5 Intensive Care Unit, Southern Maryland Hospital Center, 7503 Surratts Rd.,
Clinton, MD 20753.
6 Infectious Disease Associates of Southern Maryland, Heritage Medical Park,
Ste. 503, 8926 Woodyard Rd., Clinton, MD 20735.
7 Radiology Associates Burlington County, 1295 Rte. 38 West, P.O. Box 479,
Hainesport, NJ 08036-0479.
8 Critical Care Medicine Department, Warren G. Magnuson Clinical Center,
National Institutes of Health, Rm. 7D 43, Bldg. 10, Bethesda, MD 20892.
9 Johns Hopkins Center for Civilian Biodefense, Critical Care Medicine
Department, NIH, Ste. 830, 111 Market Pl., Baltimore, MD 21202.

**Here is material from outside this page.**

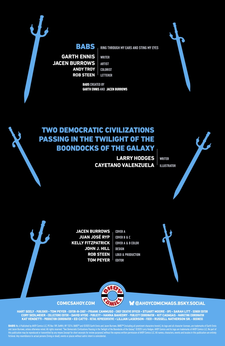 On Wednesday March 12, AHOY Comics will publish BABS #6, the sixth and final issue of the sharp satire of sword & sorcery by Garth Ennis — the award-winning writer of Hitman, The Punisher, Sara and Marjorie Finnegan, Temporal Criminal, and co-creator of The Boys and Preacher — and acclaimed artist and frequent collaborator Jacen Burrows (Crossed, The Ribbon Queen).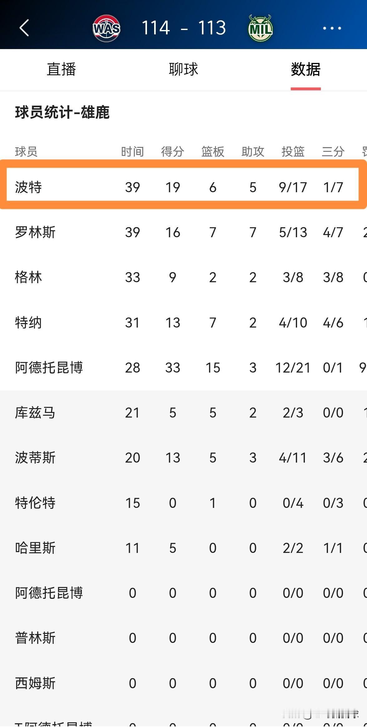 谁能拯救一下雄鹿大将小波特的三分球?在今天雄鹿主场以113:114惜败于奇才的比赛中,虽然小波特的整体进攻状态非常火热,但是他的三分投篮手感却异常冰凉。 全场比赛下来,小波特首发出战39分钟,投篮17中9,其中三分球7中1得到19分6篮板5助攻,他的场上正负值为+10。 坦白说,如果小波特想再签下一份大合同的话,那么他必须提高自己的三分球命中率,毕竟不擅长投三分的后卫很难签下大合同。

Received December 11, 2002;
accepted after revision March 3, 2003.
Address correspondence to B. J. Wood
(bwood{at}nih.gov).
Introduction
The occurrence of 11 cases of inhalational anthrax associated with letters
containing Bacillus anthracis powder sent through the United States
Postal Service in Florida, New York, New Jersey, and in Washington, DC, in
September and October 2001 has emphasized the necessity for health care
practitioners to be familiar with the manifestations of inhalational anthrax.

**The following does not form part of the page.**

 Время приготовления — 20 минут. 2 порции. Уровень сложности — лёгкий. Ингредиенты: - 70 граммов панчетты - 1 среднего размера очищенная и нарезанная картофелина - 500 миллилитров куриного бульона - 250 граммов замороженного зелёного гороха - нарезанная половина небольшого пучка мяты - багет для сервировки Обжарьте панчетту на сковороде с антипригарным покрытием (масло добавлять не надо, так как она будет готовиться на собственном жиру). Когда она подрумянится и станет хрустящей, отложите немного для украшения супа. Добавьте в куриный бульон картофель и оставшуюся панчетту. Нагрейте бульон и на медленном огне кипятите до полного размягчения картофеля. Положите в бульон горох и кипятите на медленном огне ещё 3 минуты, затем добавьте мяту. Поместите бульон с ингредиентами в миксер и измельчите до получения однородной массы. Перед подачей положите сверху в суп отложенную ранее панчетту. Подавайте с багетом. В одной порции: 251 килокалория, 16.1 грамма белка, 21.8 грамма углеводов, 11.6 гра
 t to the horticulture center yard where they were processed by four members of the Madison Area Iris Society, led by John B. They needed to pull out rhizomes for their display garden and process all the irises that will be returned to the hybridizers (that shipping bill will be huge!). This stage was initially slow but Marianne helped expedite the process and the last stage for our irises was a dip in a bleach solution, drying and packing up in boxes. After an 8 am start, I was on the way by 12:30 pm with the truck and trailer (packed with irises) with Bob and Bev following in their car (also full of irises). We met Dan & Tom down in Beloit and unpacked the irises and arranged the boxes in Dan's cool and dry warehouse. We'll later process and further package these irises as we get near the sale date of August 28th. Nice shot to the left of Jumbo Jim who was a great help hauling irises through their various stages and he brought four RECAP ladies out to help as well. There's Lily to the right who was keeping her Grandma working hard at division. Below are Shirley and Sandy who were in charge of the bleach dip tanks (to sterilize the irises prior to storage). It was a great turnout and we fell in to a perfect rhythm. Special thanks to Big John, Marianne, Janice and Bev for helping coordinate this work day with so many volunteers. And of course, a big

A wide variety of health care practitioners, including radiologists and
pathologists, have the potential to alert other physicians to the possibility
of inhalational anthrax because the clinical manifestations of early disease
are nonspecific, consisting of flulike symptoms, fever, sweats, malaise, and
myalgias. In the absence of known exposure to B. anthracis, the
appropriate cultures may not be obtained, and potentially life-saving therapy
may not be instituted in a timely manner. The predicted case fatality of
inhalational anthrax from historical data was approximately 90%
[1]. The United States outbreak
showed that with early diagnosis and institution of antimicrobial therapy,
mortality can be substantially reduced
[2]. In addition, timely
identification of inhalational anthrax cases is important so that appropriate
public health and law enforcement officials can be notified and can take
necessary measures to limit morbidity and mortality. Such notification allows
other patients and clinicians to be alerted about the potential for new
exposure and allows evidence about the perpetrator to be collected
expeditiously.
The clinical histories of the 11 cases of bioterrorism-related inhalational
anthrax in the United States have been described in detail in several recent
publications
[27].
Here we describe the clinical course of two of the affected patients, with
emphasis on imaging findings, in an effort to increase clinician awareness
about this disease. We also provide correlation with the postmortem
examination of the fatal case.
Case Report 1
On October 16, 2001, a 47-year-old male postal worker developed progressive
nausea, abdominal pain, and flulike symptoms that prompted him to seek
emergency medical care 5 days later (October 21). Chest radiographs obtained
on his presentation to the emergency department revealed a subtle parenchymal
lung infiltrate limited to the right suprahilar region
[5]
(Fig. 1A). The patient was sent
home with a presumptive diagnosis of gastroenteritis. He continued to
deteriorate and on the following day was taken to the hospital by ambulance.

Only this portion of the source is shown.